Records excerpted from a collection
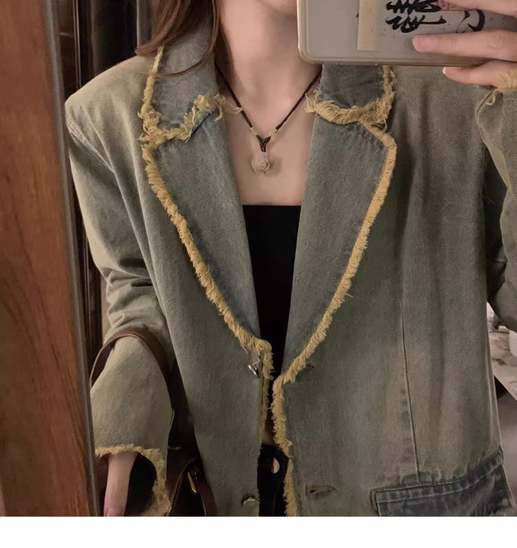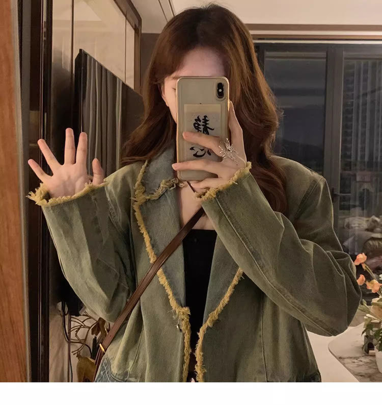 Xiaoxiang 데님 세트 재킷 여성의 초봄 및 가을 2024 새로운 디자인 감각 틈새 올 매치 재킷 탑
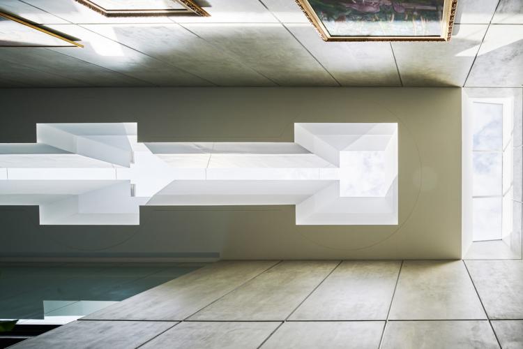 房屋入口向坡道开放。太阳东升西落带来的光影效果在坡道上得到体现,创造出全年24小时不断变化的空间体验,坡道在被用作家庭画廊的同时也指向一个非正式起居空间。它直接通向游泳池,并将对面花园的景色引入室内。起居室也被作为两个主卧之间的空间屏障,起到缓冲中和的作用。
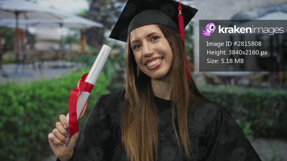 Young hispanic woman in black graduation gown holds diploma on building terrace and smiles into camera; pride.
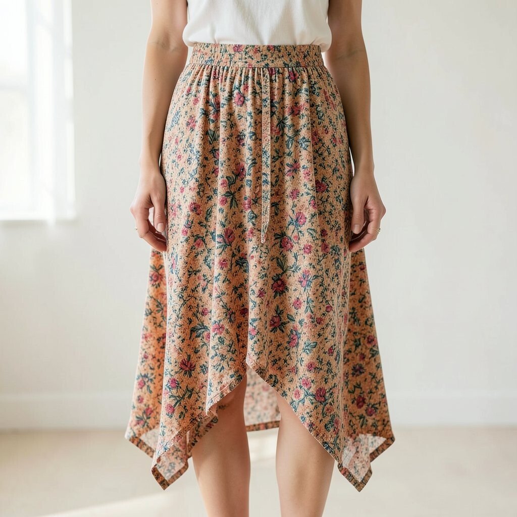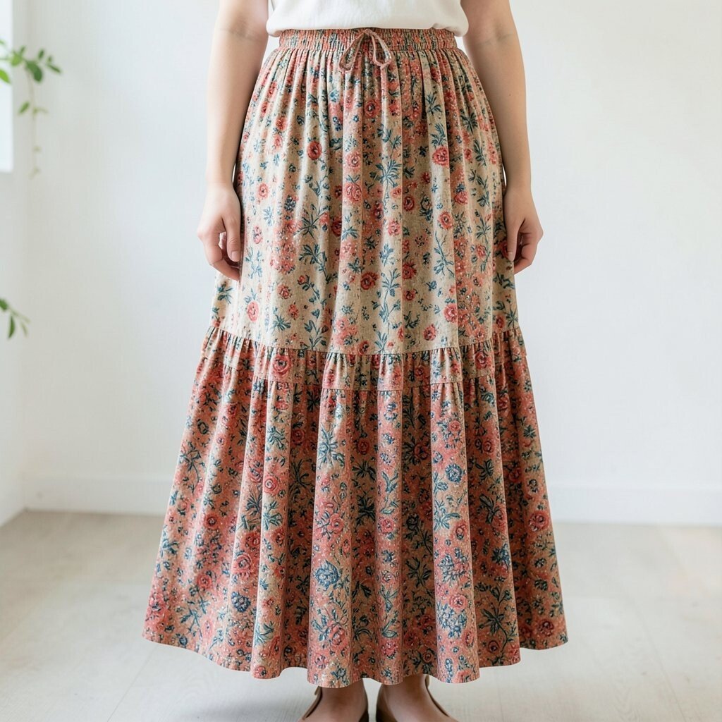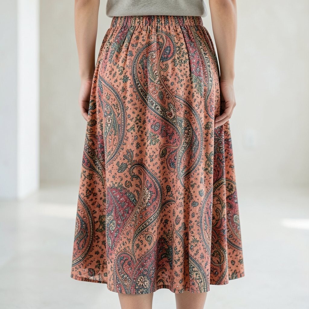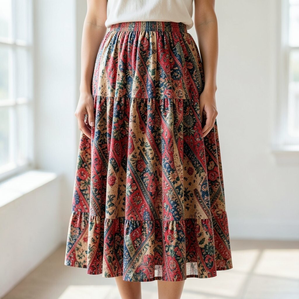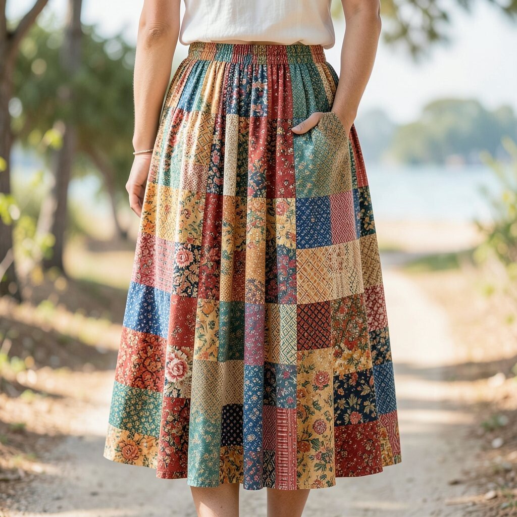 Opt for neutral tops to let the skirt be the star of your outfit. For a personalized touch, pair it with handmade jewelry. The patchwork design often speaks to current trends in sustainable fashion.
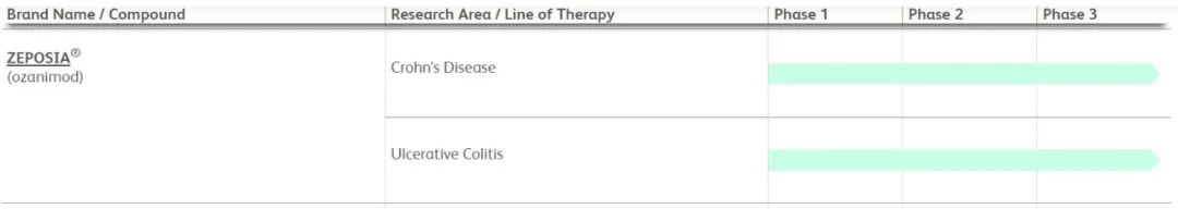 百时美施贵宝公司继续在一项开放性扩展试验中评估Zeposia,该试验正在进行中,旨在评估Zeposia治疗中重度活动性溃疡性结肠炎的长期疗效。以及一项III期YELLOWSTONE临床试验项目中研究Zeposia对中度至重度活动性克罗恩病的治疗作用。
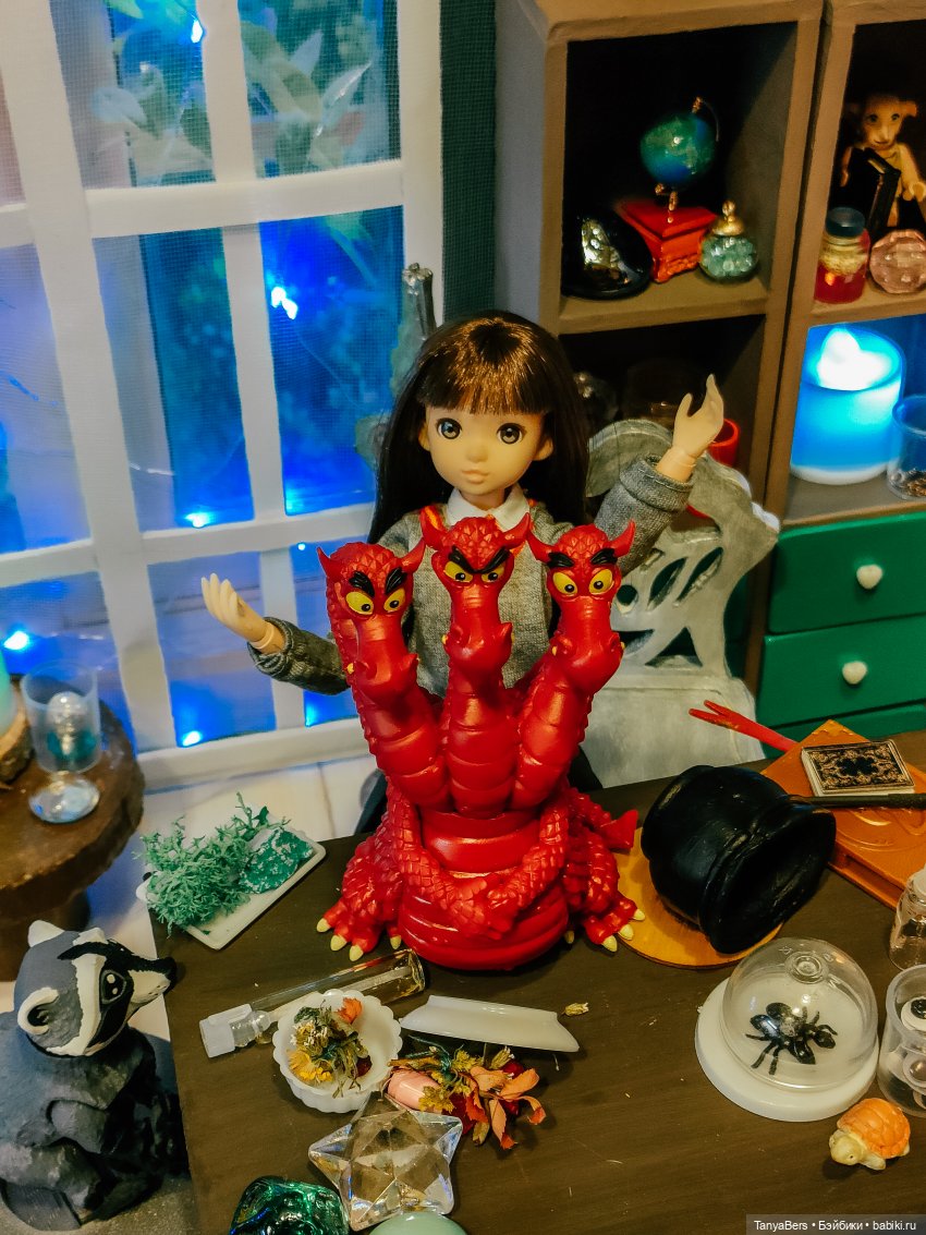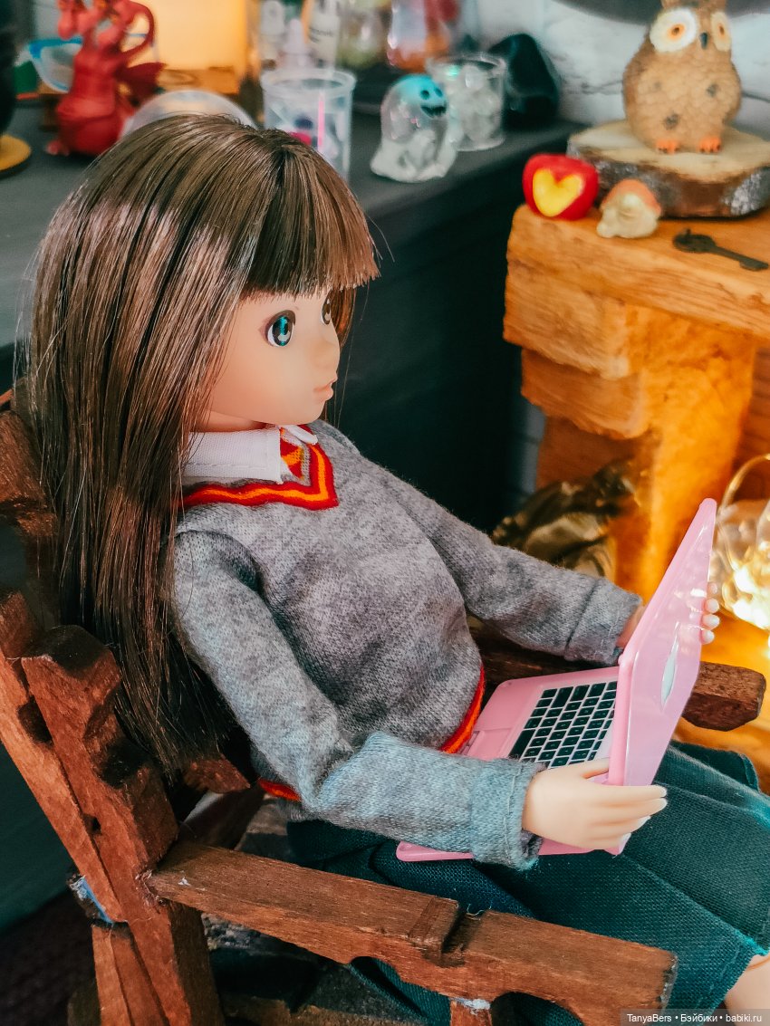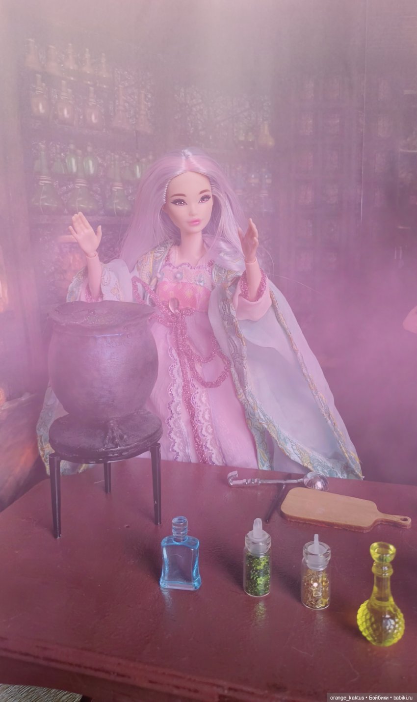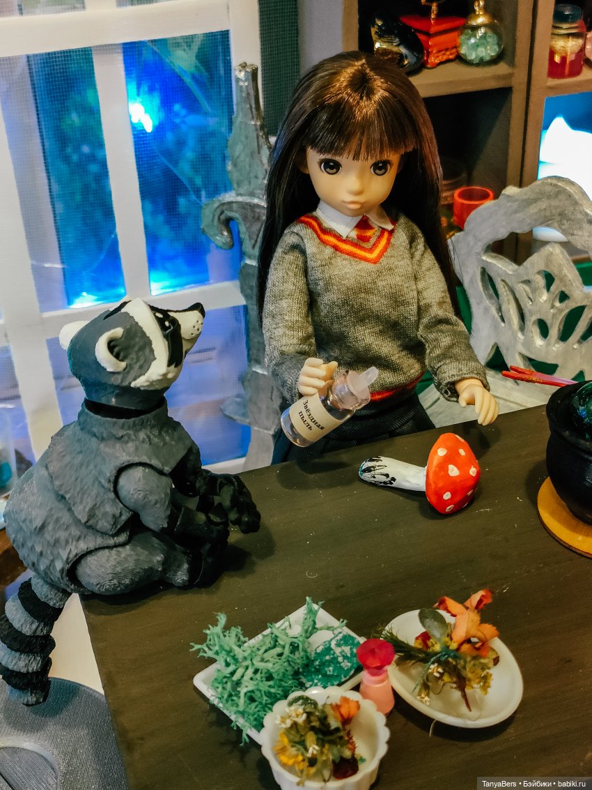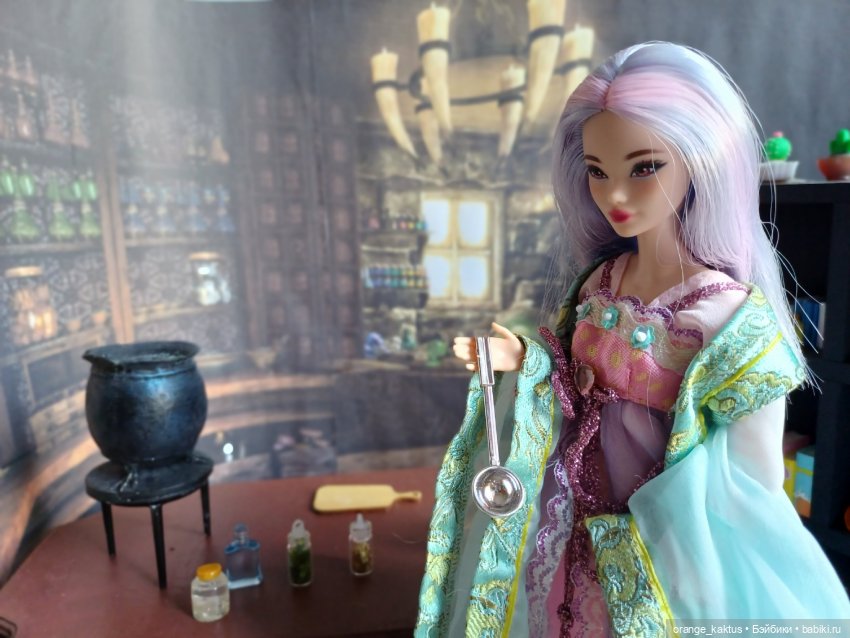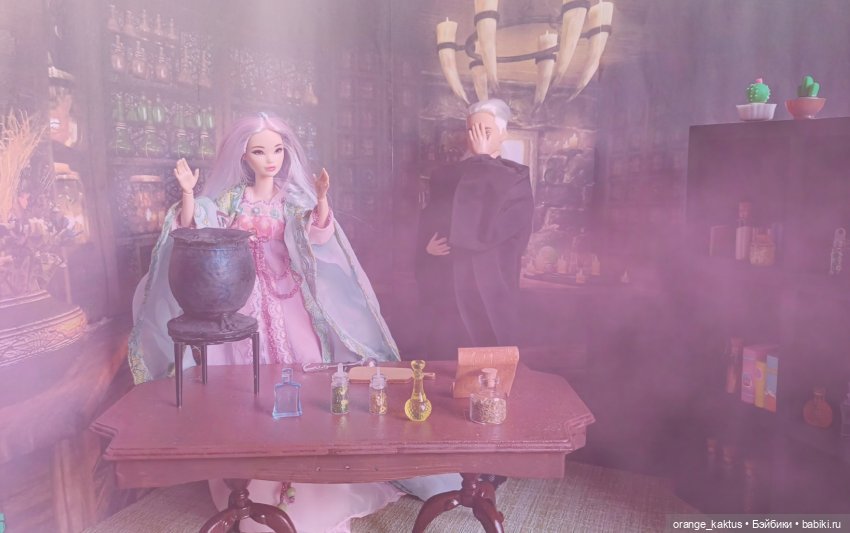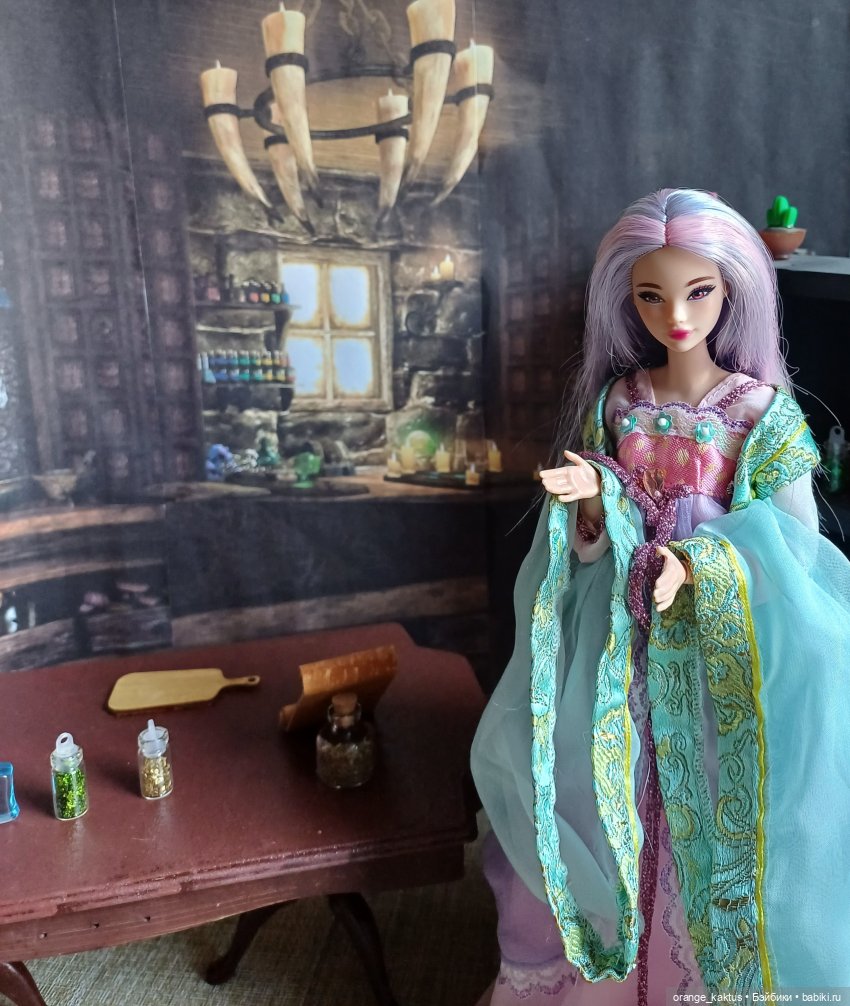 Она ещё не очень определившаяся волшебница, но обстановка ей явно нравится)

**About this exercise:** Give back the exact lines above, running from the one that has "房屋入口向坡道开放。太阳东升" through the one that has "Opt for neutral", with nothing added and no pictures.

**Response below:**
 房屋入口向坡道开放。太阳东升西落带来的光影效果在坡道上得到体现,创造出全年24小时不断变化的空间体验,坡道在被用作家庭画廊的同时也指向一个非正式起居空间。它直接通向游泳池,并将对面花园的景色引入室内。起居室也被作为两个主卧之间的空间屏障,起到缓冲中和的作用。
 Young hispanic woman in black graduation gown holds diploma on building terrace and smiles into camera; pride.
 Opt for neutral tops to let the skirt be the star of your outfit. For a personalized touch, pair it with handmade jewelry. The patchwork design often speaks to current trends in sustainable fashion.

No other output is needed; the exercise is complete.